IBM has released Granite 4.0, its latest family of open large language models (LLMs), featuring a hybrid Mamba/transformer architecture to reduce memory requirements and hardware costs. The company announced the launch on October 2, 2025.
According to IBM, Granite 4.0 models can run on significantly cheaper GPUs while maintaining performance. “Granite 4.0 features a new hybrid Mamba/transformer architecture that greatly reduces memory requirements without sacrificing performance,” the company said
The models are open-sourced under the Apache 2.0 license and are the first open models to receive ISO 42001 certification, confirming alignment with international standards for AI security, governance and transparency. All Granite 4.0 checkpoints are cryptographically signed to verify provenance and authenticity.
Granite 4.0 is available through IBM watsonx.ai and platform partners, including Dell Technologies, Docker Hub, Hugging Face, Kaggle, LM Studio, NVIDIA NIM, Ollama, OPAQUE and Replicate. Access via Amazon SageMaker JumpStart and Microsoft Azure AI Foundry is planned.

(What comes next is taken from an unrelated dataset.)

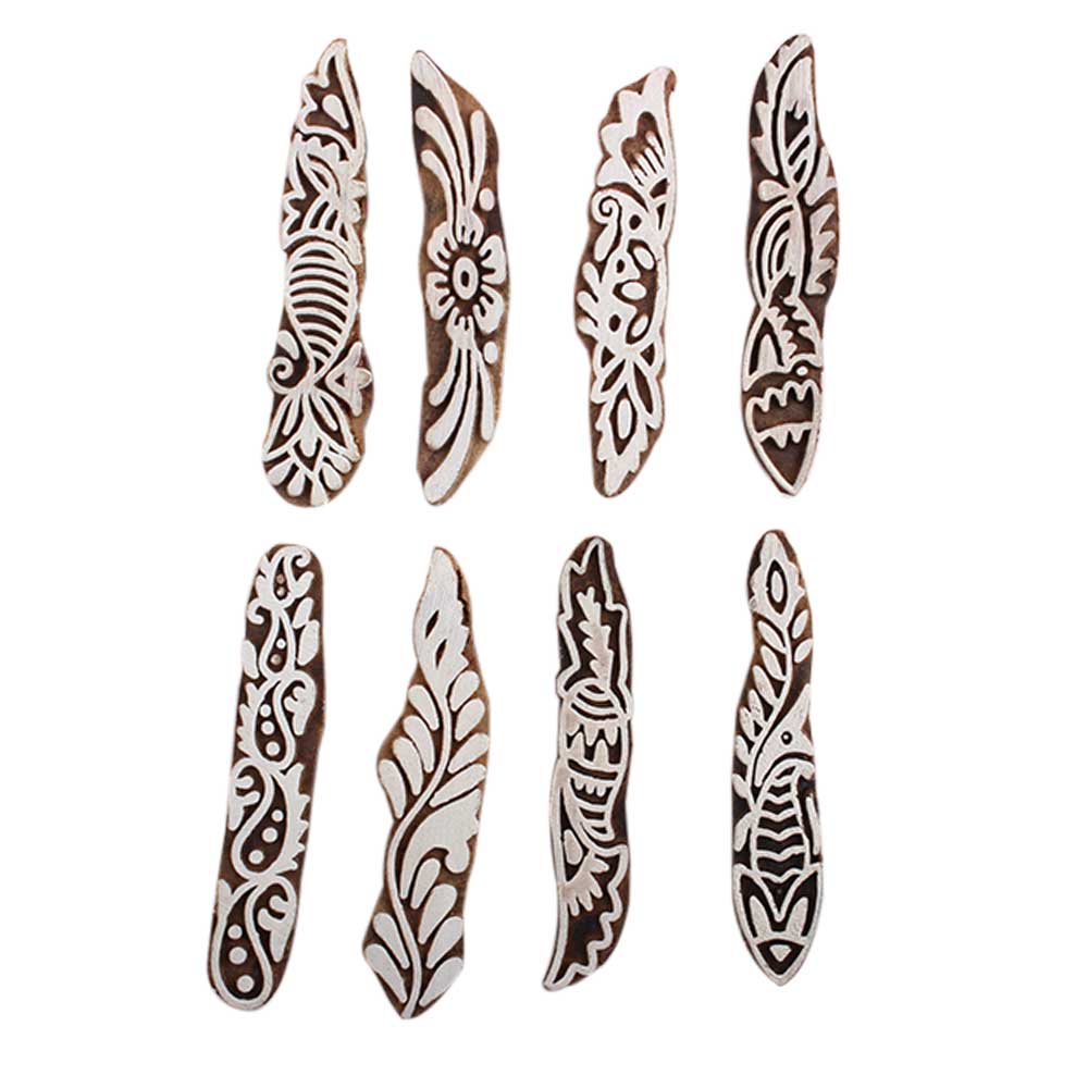 Set of 8 Piece New Mix Wooden Printing Block. Ideal for Using on Fabric, Paper, Canvas, etc. These Blocks can be use to Print with Oil Colors, Fabric Colors, Water Colors, Acrylic Colors and Vegetable Colors.

The release includes Granite-4.0-H-Small (32B parameters, 9B active), Granite-4.0-H-Tiny (7B parameters, 1B active), and Granite-4.0-H-Micro (3B parameters). A conventional transformer variant, Granite-4.0-Micro, is also available for platforms that do not yet support hybrid architectures.
IBM stated that Granite 4.0 models reduce RAM usage by more than 70% compared to transformer-based models in tasks involving long inputs and concurrent sessions. “The more you throw at them, the more their advantages are apparent,” the company said.

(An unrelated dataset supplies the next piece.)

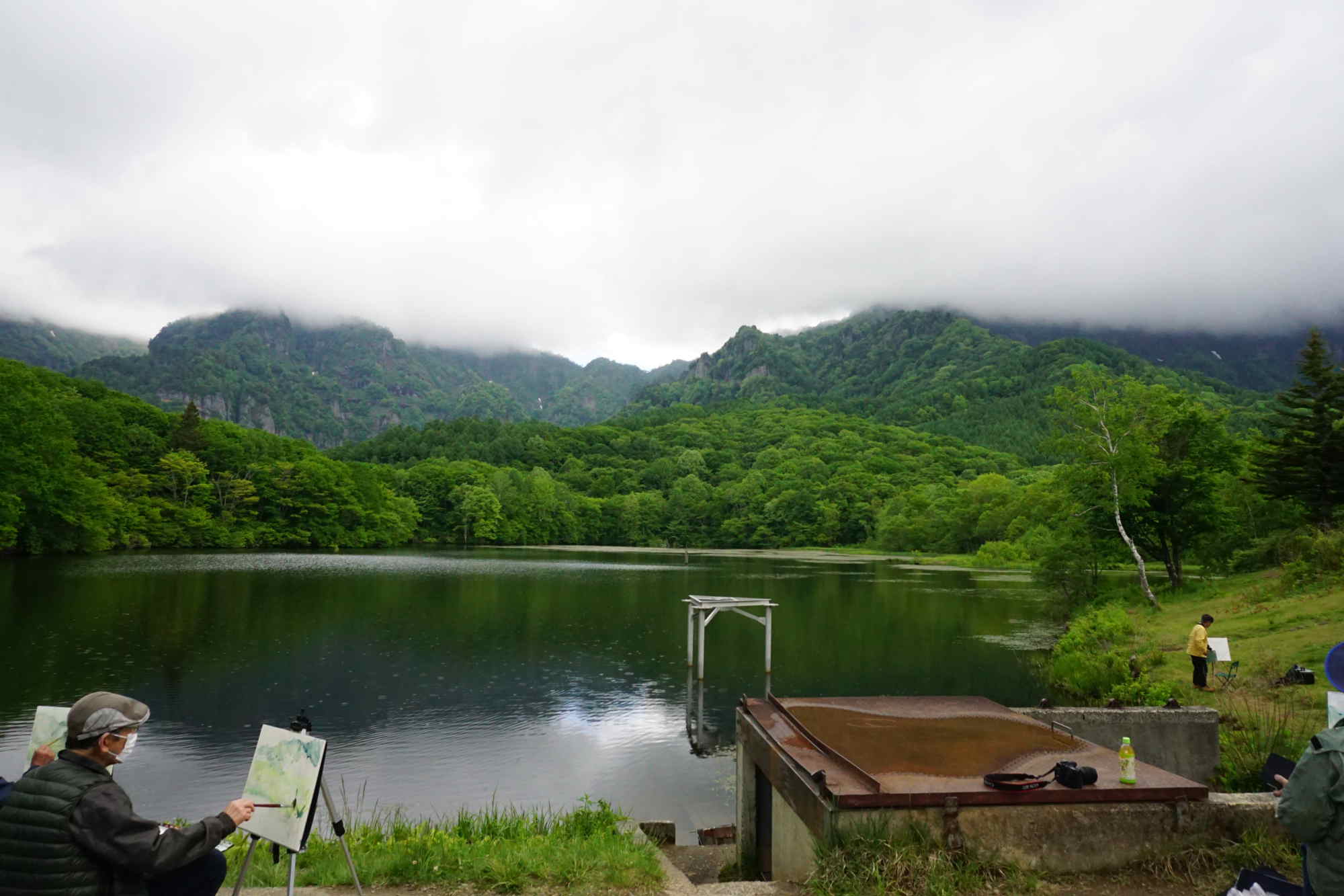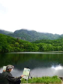 団体で絵描きに訪れた人たちにも多少動揺が感じられる鏡池でした。

Benchmarking showed that Granite 4.0 models outperform earlier Granite releases, with Granite-4.0-H-Small exceeding all open-weight models except Llama 4 Maverick on Stanford’s IFEval benchmark. On the Berkeley Function Calling Leaderboard v3, Granite 4.0 models kept pace with larger competitors at lower cost.

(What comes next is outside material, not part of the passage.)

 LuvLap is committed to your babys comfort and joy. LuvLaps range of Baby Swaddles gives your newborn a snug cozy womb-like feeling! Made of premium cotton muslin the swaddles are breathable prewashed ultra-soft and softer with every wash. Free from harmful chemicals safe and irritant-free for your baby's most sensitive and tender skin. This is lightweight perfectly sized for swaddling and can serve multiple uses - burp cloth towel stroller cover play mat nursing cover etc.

Enterprise partners, including EY and Lockheed Martin, tested Granite 4.0 before launch. IBM has also partnered with HackerOne on a bug bounty program, offering up to $100,000 for vulnerabilities or jailbreak exploits.
Training for Granite 4.0 was conducted on a 22T-token enterprise-focused corpus, with separate instruction-tuned models available today and reasoning-focused models planned later this fall. Additional releases, including Granite 4.0 Medium and Granite 4.0 Nano, are expected by year-end.
IBM said this release aims to lower barriers to entry by providing enterprises and open-source developers alike with cost-effective access to highly competitive LLMs.